Luckily there had only been him in his house. He always slept late into the afternoon and his girlfriend hadn’t spent the night. She had paused in his garden to admire the sunflowers. She was a good gardener, Cassie couldn’t deny that, and they did bring some colour to the house. She’d crept through the back door, always left unlocked, and took note of the dirty dishes (she hasn’t been here for a few days, Cassie had thought with a sneer) piled in the sink. Custard, mushy peas, noodles stuck to the bowls and a pan of whatever the hell that had been, left an odour that made her stomach turn. More dirty plates and a mug on the table in the living room. She was certain if she tried picking them up they would be stuck to the glass surface. The third step always creaked so she stepped over that and noticed a new odour floated at the top of the stairs. This was a smell of dirty underwear; sweat that had dried, clothes shoved under the great double bed that his lazy arse was spread across. She tried her best not to step on any of it but clothes were scattered all over. Another crusty bowl and a couple of squashed cans were by the bed, not helping the smell. As she leant over him, she held her breath to stop herself sucking in his sickly sweet unbrushed breath.

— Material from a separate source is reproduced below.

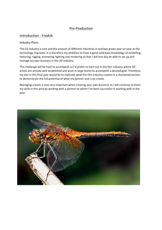 The document outlines a pre-production plan for a final year project in Computer Generated Imagery at Southampton Solent University, focusing on creating a short film featuring a dragonfly and its environment. The author intends to gain a comprehensive understanding of various skills related to modelling, texturing, rigging, animating, lighting, and rendering, while analyzing potential job opportunities in film and advertising sectors. The project involves collaborating with a partner to produce a visually stunning and technically sound animated scene, highlighting the importance of teamwork and skill development in the CGI industry.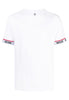 T-SHIRT CON MANICHE CON NASTRO BIANCOT-shirt bianca di Moschino a maniche corte con dettaglio tape sulle maniche.Cotone 95%, Elastan 5%T-SHIRT WITH SLEEVES WITH WHITE RIBBONWhite short-sleeved Moschino t-shirt with tape detail on the sleeves.Cotton 95%, Elastane 5%

A pillow had been pushed to the side in the night and she snatched it up in her gloved hands. Lightly, gently, almost tenderly, she placed it on his face and brought the heavy object out of the pocket of her boiler suit. Aiming it to his temple she pulled and a sharp sound burst in the room for a short second. She calmly placed the weapon back in her pocket and folded the pillow up as the red seeped through its material. Lucky there was no one around as she shoved the body into the boot of her car. Lucky there was no one around when she pulled the body from the boot of her car and chucked it into the hole she’d spent two days digging up.
The sunflowers looked lovely when they grew.